Transfersomes are yet another type of liposomes, and are highly deformable lipid aggregates which are attractive candidates for drug delivery vehicles. Transfersomes may be described as lipid droplets which are so highly deformable that they are easily able to penetrate through pores which are smaller than the droplet. Transfersomes are adaptable to the environment in which they are used, e.g. they are self-optimizing (adaptive to the shape of pores in the skin), self-repairing, frequently reach their targets without fragmenting, and often self-loading. To make transfersomes it is possible to add surface edge-activators, usually surfactants, to a standard liposomal composition. Transfersomes have been used to deliver serum albumin to the skin. The transfersome-mediated delivery of serum albumin has been shown to be as effective as subcutaneous injection of a solution containing serum albumin.
Surfactants find wide application in formulations such as emulsions (including microemulsions) and liposomes. The most common way of classifying and ranking the properties of the many different types of surfactants, both natural and synthetic, is by the use of the hydrophile/lipophile balance (HLB). The nature of the hydrophilic group (also known as the “head”) provides the most useful means for categorizing the different surfactants used in formulations (Rieger, in Pharmaceutical Dosage Forms, Marcel Dekker, Inc., New York, N.Y., 1988, p. 285).

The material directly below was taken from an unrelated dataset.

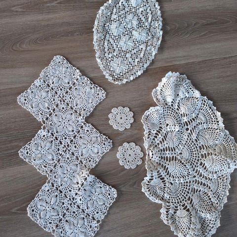 Diverse kniplingsduker selges. Se bilder for detaljer. Noen små misfarginger er par steder, men ellers fine.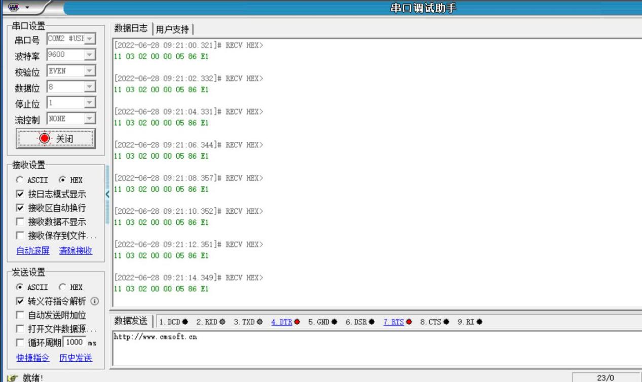3,使用串口調(diào)試助手實時檢測N510轉(zhuǎn)換出來的數(shù)據(jù),如出現(xiàn)下列數(shù)據(jù)報文,代表檢測數(shù)據(jù)正常無誤

If the surfactant molecule is not ionized, it is classified as a nonionic surfactant. Nonionic surfactants find wide application in pharmaceutical and cosmetic products and are usable over a wide range of pH values. In general their HLB values range from 2 to about 18 depending on their structure. Nonionic surfactants include nonionic esters such as ethylene glycol esters, propylene glycol esters, glyceryl esters, polyglyceryl esters, sorbitan esters, sucrose esters, and ethoxylated esters. Nonionic alkanolamides and ethers such as fatty alcohol ethoxylates, propoxylated alcohols, and ethoxylated/propoxylated block polymers are also included in this class. The polyoxyethylene surfactants are the most popular members of the nonionic surfactant class.
If the surfactant molecule carries a negative charge when it is dissolved or dispersed in water, the surfactant is classified as anionic. Anionic surfactants include carboxylates such as soaps, acyl lactylates, acyl amides of amino acids, esters of sulfuric acid such as alkyl sulfates and ethoxylated alkyl sulfates, sulfonates such as alkyl benzene sulfonates, acyl isethionates, acyl taurates and sulfosuccinates, and phosphates. The most important members of the anionic surfactant class are the alkyl sulfates and the soaps.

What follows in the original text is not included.